BEGIN

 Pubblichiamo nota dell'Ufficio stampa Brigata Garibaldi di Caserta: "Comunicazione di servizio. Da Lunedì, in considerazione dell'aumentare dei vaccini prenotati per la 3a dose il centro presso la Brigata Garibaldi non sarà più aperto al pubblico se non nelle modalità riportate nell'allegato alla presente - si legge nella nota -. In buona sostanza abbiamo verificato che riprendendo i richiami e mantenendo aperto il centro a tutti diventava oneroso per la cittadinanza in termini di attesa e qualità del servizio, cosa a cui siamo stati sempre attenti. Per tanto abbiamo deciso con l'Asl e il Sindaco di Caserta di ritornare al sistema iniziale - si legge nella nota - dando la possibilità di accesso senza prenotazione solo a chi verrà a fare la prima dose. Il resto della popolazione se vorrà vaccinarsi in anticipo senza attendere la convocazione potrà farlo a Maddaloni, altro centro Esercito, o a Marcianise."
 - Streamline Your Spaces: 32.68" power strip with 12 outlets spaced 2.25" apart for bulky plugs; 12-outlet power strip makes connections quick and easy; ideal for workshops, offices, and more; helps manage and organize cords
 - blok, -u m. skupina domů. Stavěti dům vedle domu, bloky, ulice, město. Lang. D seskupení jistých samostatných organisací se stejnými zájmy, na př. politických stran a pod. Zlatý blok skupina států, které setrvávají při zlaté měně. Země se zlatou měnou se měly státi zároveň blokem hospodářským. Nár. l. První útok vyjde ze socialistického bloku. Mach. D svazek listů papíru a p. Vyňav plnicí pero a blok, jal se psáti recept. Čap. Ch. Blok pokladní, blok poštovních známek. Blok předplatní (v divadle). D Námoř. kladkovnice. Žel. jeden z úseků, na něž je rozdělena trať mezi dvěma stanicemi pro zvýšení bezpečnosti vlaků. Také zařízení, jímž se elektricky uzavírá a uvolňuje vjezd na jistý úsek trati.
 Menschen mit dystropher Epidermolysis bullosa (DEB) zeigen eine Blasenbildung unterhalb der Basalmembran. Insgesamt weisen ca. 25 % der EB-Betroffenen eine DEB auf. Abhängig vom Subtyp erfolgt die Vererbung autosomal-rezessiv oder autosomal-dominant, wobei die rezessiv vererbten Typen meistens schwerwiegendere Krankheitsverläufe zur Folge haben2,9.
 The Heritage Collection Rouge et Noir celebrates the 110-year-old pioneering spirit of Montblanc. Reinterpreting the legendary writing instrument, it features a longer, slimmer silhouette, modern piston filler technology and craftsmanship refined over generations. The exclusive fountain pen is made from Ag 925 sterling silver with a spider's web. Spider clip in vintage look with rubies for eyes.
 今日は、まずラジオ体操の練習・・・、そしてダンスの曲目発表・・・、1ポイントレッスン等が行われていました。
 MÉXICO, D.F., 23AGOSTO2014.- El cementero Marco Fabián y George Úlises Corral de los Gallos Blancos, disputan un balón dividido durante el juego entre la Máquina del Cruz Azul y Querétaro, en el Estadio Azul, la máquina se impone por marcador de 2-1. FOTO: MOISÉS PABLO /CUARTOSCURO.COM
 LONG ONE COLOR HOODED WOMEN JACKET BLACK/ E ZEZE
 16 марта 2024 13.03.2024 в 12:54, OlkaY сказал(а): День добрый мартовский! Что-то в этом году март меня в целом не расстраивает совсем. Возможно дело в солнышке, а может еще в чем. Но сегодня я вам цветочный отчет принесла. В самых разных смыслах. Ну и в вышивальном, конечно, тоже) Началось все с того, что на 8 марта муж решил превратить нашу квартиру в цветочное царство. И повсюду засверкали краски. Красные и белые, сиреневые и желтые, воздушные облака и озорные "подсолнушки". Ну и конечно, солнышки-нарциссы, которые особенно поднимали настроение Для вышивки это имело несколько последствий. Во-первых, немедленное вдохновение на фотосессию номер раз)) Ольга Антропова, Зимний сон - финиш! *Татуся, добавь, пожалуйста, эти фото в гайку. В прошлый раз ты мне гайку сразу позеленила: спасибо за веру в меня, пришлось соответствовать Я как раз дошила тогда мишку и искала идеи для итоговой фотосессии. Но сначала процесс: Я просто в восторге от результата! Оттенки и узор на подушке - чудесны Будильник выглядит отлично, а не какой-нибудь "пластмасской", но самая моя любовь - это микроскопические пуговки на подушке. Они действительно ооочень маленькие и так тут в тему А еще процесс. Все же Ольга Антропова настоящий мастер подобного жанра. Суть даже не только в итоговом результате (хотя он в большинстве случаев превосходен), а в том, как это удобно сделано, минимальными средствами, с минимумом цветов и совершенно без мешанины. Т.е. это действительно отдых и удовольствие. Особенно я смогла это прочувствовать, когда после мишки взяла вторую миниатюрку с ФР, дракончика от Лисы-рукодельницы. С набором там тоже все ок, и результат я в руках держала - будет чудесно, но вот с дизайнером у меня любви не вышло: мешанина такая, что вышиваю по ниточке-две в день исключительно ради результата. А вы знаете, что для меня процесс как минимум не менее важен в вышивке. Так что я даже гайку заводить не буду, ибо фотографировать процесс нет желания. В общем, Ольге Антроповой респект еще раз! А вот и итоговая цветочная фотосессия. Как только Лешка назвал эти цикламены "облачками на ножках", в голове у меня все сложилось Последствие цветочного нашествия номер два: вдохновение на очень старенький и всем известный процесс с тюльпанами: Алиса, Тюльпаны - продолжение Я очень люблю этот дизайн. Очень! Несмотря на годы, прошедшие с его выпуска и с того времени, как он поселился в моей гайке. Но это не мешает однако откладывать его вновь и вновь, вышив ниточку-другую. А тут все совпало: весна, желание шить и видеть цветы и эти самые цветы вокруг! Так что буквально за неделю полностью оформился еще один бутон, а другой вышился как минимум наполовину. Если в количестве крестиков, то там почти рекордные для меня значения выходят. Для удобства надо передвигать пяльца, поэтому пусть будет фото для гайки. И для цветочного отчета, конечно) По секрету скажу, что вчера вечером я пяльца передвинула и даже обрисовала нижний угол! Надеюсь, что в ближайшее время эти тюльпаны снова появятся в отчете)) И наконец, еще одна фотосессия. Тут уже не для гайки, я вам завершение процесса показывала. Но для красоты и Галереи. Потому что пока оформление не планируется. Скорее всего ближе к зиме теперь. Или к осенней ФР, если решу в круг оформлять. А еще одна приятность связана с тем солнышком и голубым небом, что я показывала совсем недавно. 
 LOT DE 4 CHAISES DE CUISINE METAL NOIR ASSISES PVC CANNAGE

END

_AIM OF THE EXERCISE_
Determine how many lines of the listing above include the word "with", and report that number only.

_EXERCISE RESPONSE_
2